Scalable Recommender Systems with NVTabular- A Fast Tabular Data Loading and Transformation Library

Ronay Ak

Published in

RAPIDS AI

9 min readJul 23, 2020

By: Ronay Ak, Even Oldridge, Julio Perez, and Benedikt Schifferer

Introduction

Recommender Systems (RecSys) are part of our daily lives. When we visit a website, we all experience that a list of recommendations appears for a product, content, and/or service. Netflix’s movie recommendations or Spotify’s playlist recommendations can be given as an example.
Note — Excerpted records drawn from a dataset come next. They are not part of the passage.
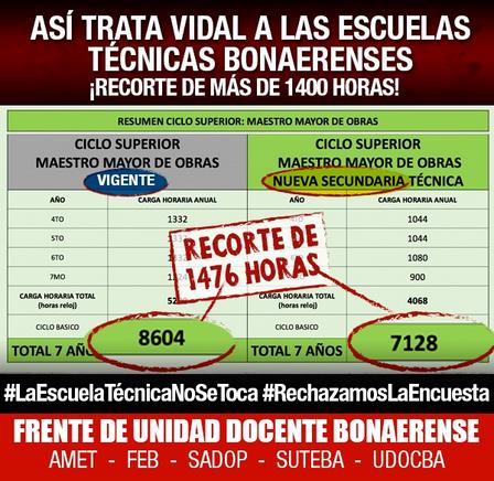 El mensaje advierte sobre lo que el Frente Gremial Docente Bonaerense califica de recorte para las Escuelas Técnicas de la Provincia.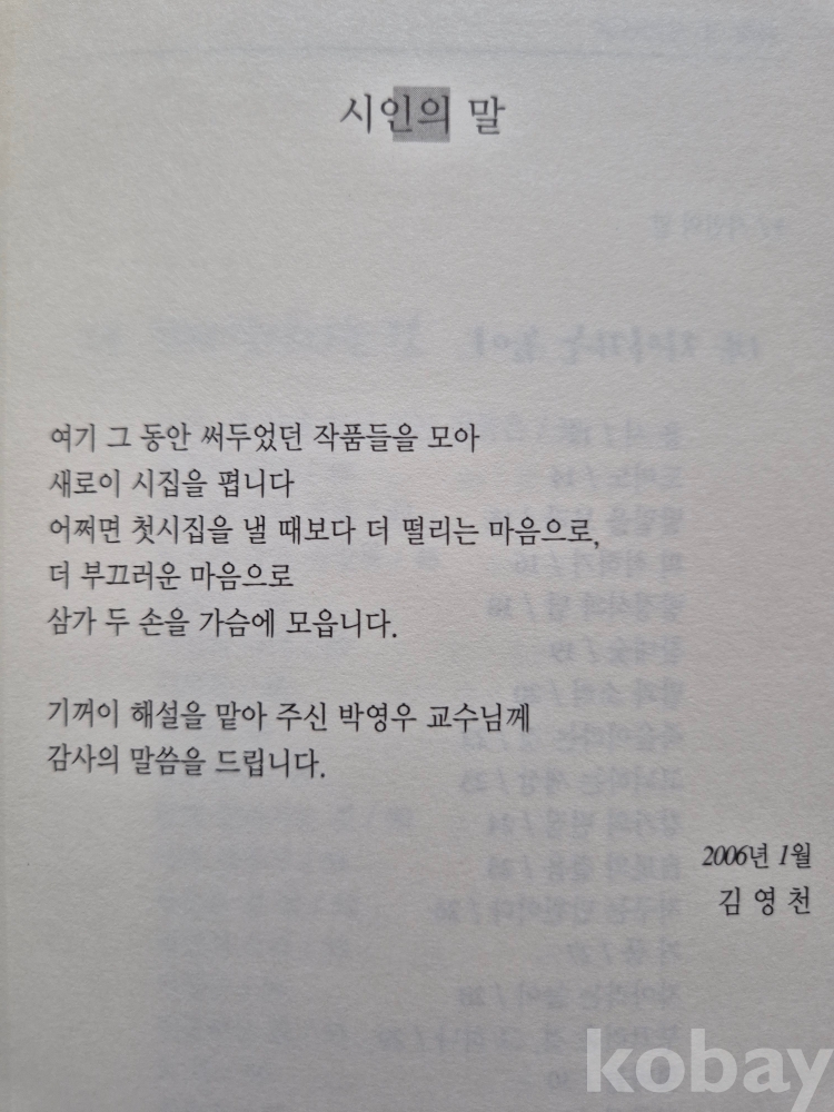 2006년 발간한 제3시집 『부끄러운 것 하나』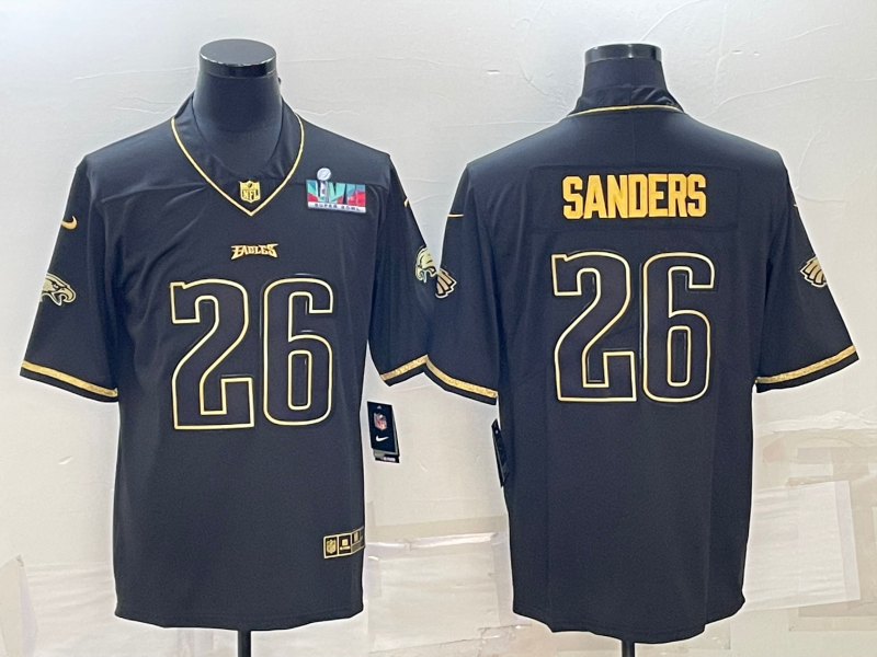 Men’s Philadelphia Eagles #26 Miles Sanders Black Golden Super Bowl LVII Patch Edition Limited Jersey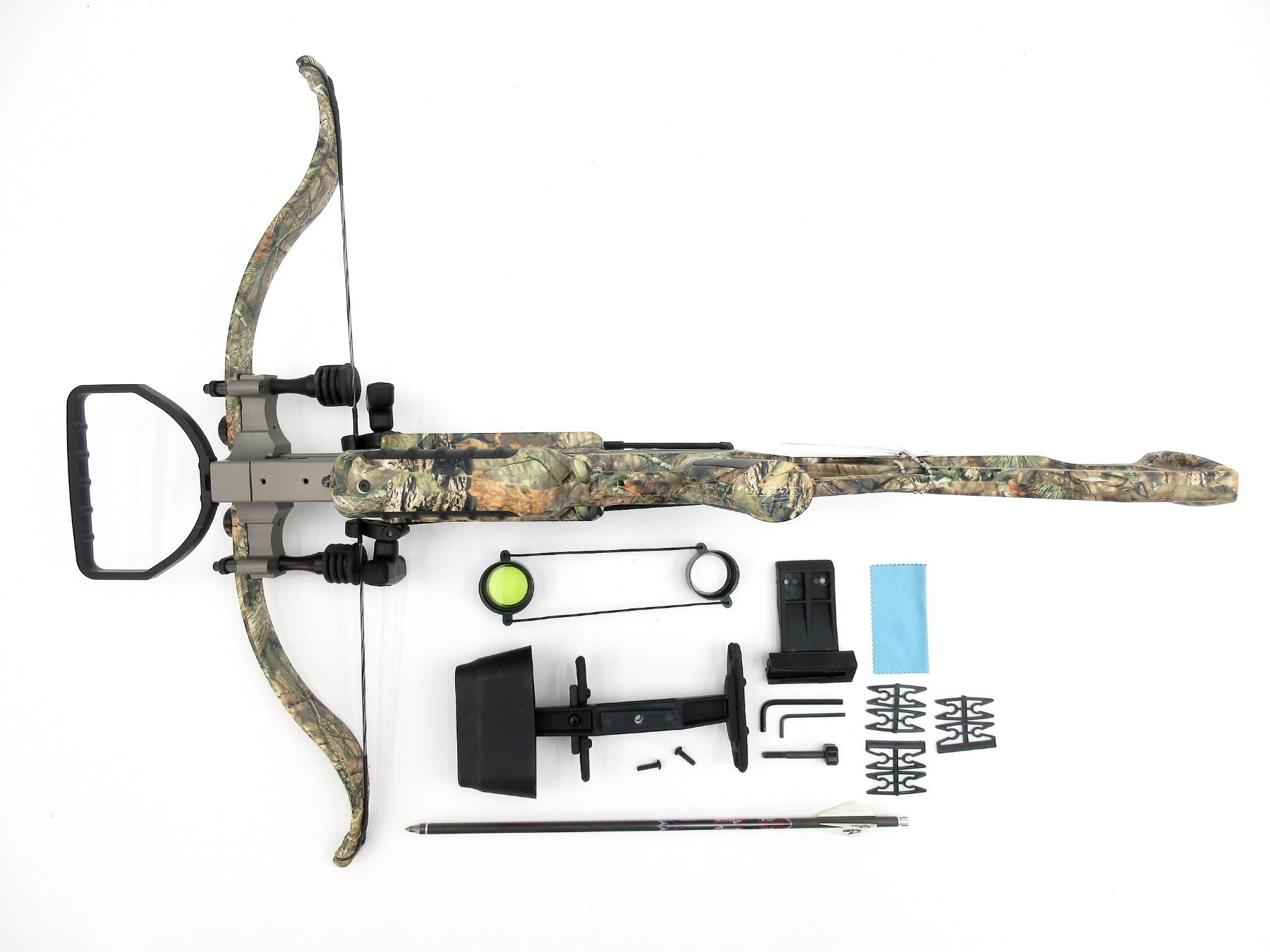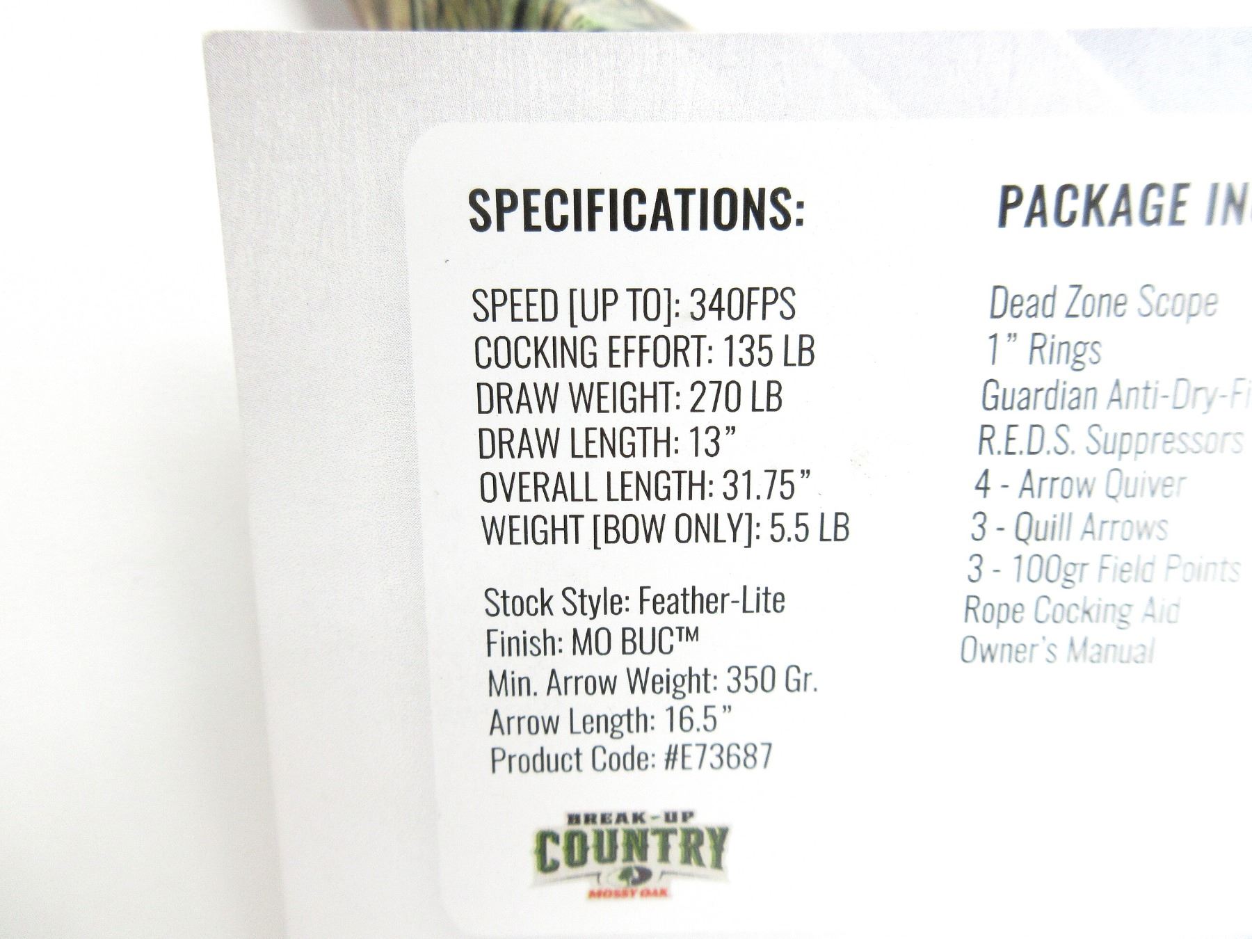 LOT INCLUDES; (1) RECURVE CROSS BOW, SPEED UP TO 340 FPS, COCKING EFFORT 135 LBS, DRAW WEIGHT 270 LBS, DRAW LENGTH 13", WEIGHT 5.5 LBS, MOSSY OAK, DEAD ZONE SCOPE, CLEAR OPTICS, SCOPE COVERS, (1) STRING, GUARDIAN ANTI-DRY-FIRE, R.E.D.S. SUPPRESSORS, 1" SCOPE RINGS, (4) ARROW QUIVER WITH BRACKET, (1) QUILL ARROW WITH FIELD TIP, ROPE COCKING AID, OWNER'S MANUALS, WITH ORIGINAL BOX, NOS SEE PHOTOS.

RecSys plays a critical role in motivating users to spend more time on online platforms, and therefore, drives user engagement. Deep learning (DL) based recommender systems have gained more attention in recent years due to their ability to generate relevant personalized recommendations. DL-based models can better capture the complex user-item interaction patterns by processing terabytes of data of customer and item information, user interactions, ratings, etc. However, there are performance bottlenecks in building a large-scale DL-based recommender system with such high volumes of data:

Data ETL (extract-transform-load) takes a considerable amount of time,
Feature engineering experiments create numerous sets of new features from existing ones, which are then tested for effectiveness,
Data loading at train time can become the input bottleneck, if not well optimized, leading to the under-utilization of high-throughput computing devices such as GPUs.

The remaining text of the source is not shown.